- TASK: Keep images out and repeat all data exactly.

INFORMATION SUPPLIED: Begin

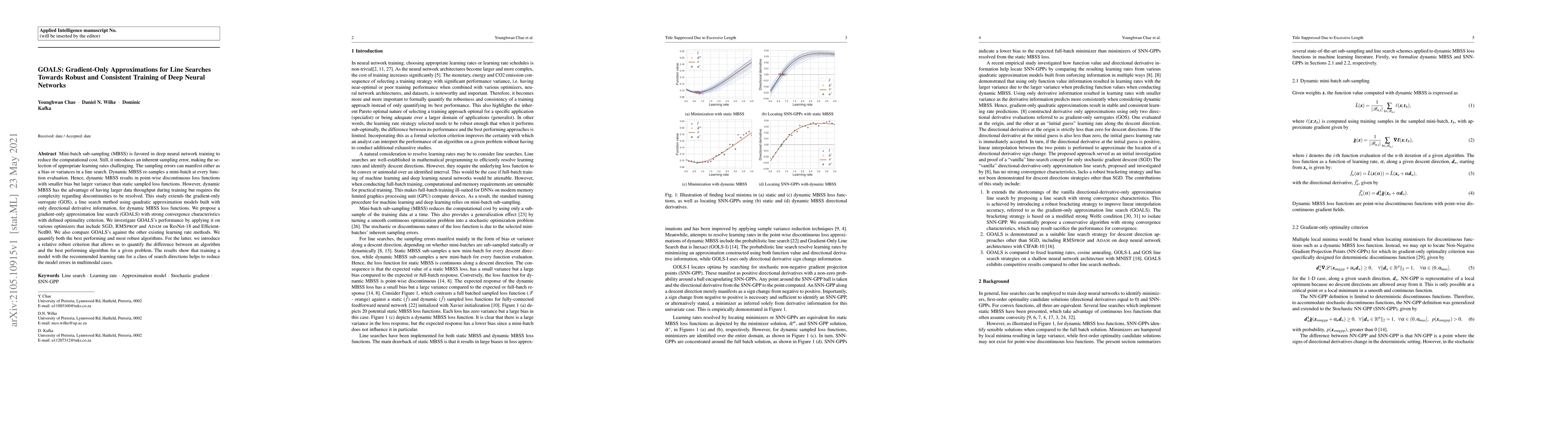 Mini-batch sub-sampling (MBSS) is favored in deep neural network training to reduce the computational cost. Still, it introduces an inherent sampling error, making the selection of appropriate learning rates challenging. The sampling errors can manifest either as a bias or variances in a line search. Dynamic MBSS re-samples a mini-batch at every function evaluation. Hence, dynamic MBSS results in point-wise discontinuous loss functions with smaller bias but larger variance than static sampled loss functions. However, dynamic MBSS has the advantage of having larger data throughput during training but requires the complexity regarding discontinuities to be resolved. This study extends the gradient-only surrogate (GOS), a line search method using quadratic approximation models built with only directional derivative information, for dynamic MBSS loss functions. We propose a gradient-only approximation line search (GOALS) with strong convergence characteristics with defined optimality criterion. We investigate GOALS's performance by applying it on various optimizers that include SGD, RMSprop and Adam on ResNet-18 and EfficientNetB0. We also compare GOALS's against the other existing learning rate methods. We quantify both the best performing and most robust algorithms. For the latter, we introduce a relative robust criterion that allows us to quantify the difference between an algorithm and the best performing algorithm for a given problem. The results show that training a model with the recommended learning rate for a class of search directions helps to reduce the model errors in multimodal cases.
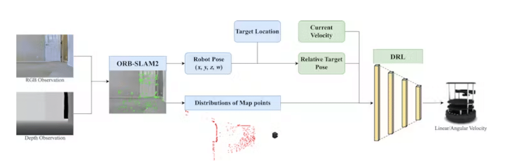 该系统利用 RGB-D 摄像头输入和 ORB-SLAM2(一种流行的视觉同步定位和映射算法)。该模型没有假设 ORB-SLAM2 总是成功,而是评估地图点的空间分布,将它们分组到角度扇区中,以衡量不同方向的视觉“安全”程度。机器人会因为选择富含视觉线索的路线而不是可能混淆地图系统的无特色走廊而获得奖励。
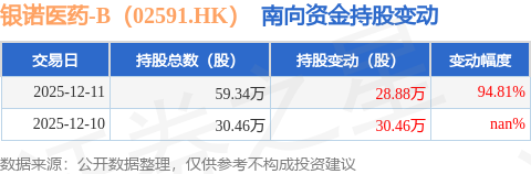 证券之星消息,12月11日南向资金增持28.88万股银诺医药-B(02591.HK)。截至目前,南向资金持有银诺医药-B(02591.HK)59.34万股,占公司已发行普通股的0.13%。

INFORMATION SUPPLIED: End

- FINAL ANSWER:
 Mini-batch sub-sampling (MBSS) is favored in deep neural network training to reduce the computational cost. Still, it introduces an inherent sampling error, making the selection of appropriate learning rates challenging. The sampling errors can manifest either as a bias or variances in a line search. Dynamic MBSS re-samples a mini-batch at every function evaluation. Hence, dynamic MBSS results in point-wise discontinuous loss functions with smaller bias but larger variance than static sampled loss functions. However, dynamic MBSS has the advantage of having larger data throughput during training but requires the complexity regarding discontinuities to be resolved. This study extends the gradient-only surrogate (GOS), a line search method using quadratic approximation models built with only directional derivative information, for dynamic MBSS loss functions. We propose a gradient-only approximation line search (GOALS) with strong convergence characteristics with defined optimality criterion. We investigate GOALS's performance by applying it on various optimizers that include SGD, RMSprop and Adam on ResNet-18 and EfficientNetB0. We also compare GOALS's against the other existing learning rate methods. We quantify both the best performing and most robust algorithms. For the latter, we introduce a relative robust criterion that allows us to quantify the difference between an algorithm and the best performing algorithm for a given problem. The results show that training a model with the recommended learning rate for a class of search directions helps to reduce the model errors in multimodal cases.
 该系统利用 RGB-D 摄像头输入和 ORB-SLAM2(一种流行的视觉同步定位和映射算法)。该模型没有假设 ORB-SLAM2 总是成功,而是评估地图点的空间分布,将它们分组到角度扇区中,以衡量不同方向的视觉“安全”程度。机器人会因为选择富含视觉线索的路线而不是可能混淆地图系统的无特色走廊而获得奖励。
 证券之星消息,12月11日南向资金增持28.88万股银诺医药-B(02591.HK)。截至目前,南向资金持有银诺医药-B(02591.HK)59.34万股,占公司已发行普通股的0.13%。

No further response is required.